=== Task instructions ===
The task for the listing below is to write out exactly the lines starting at the one containing "片引き出し 内装パック(天井、壁→クロス貼り 床→クッションフロア)" and ending at the one containing "Figura 6 Mapa", both included. Pictures are to be omitted.

=== Dataset content ===

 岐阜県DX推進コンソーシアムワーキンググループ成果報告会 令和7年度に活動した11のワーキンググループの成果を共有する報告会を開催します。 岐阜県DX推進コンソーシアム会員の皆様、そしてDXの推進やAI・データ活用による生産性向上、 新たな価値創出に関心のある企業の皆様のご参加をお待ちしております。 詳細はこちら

==

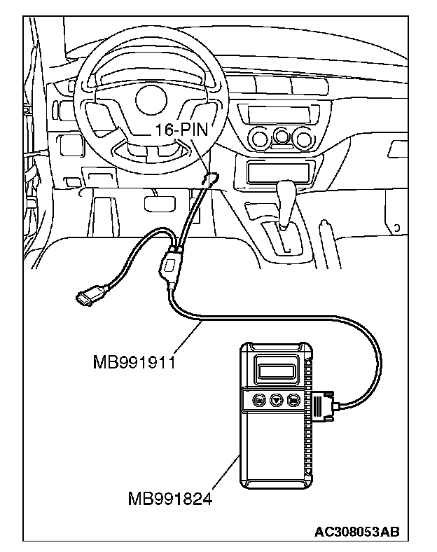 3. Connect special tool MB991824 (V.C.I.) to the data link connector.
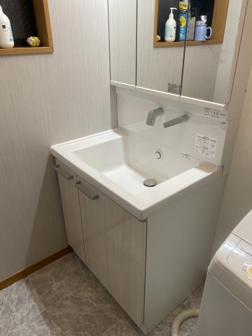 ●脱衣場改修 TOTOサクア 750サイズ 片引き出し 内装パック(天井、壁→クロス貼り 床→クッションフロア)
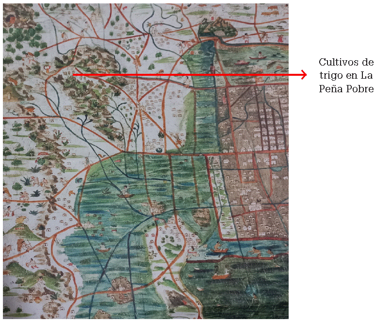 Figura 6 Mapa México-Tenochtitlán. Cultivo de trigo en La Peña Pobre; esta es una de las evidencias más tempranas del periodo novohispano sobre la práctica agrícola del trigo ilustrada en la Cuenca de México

=== Problem solution ===
 ●脱衣場改修 TOTOサクア 750サイズ 片引き出し 内装パック(天井、壁→クロス貼り 床→クッションフロア)
 Figura 6 Mapa México-Tenochtitlán. Cultivo de trigo en La Peña Pobre; esta es una de las evidencias más tempranas del periodo novohispano sobre la práctica agrícola del trigo ilustrada en la Cuenca de México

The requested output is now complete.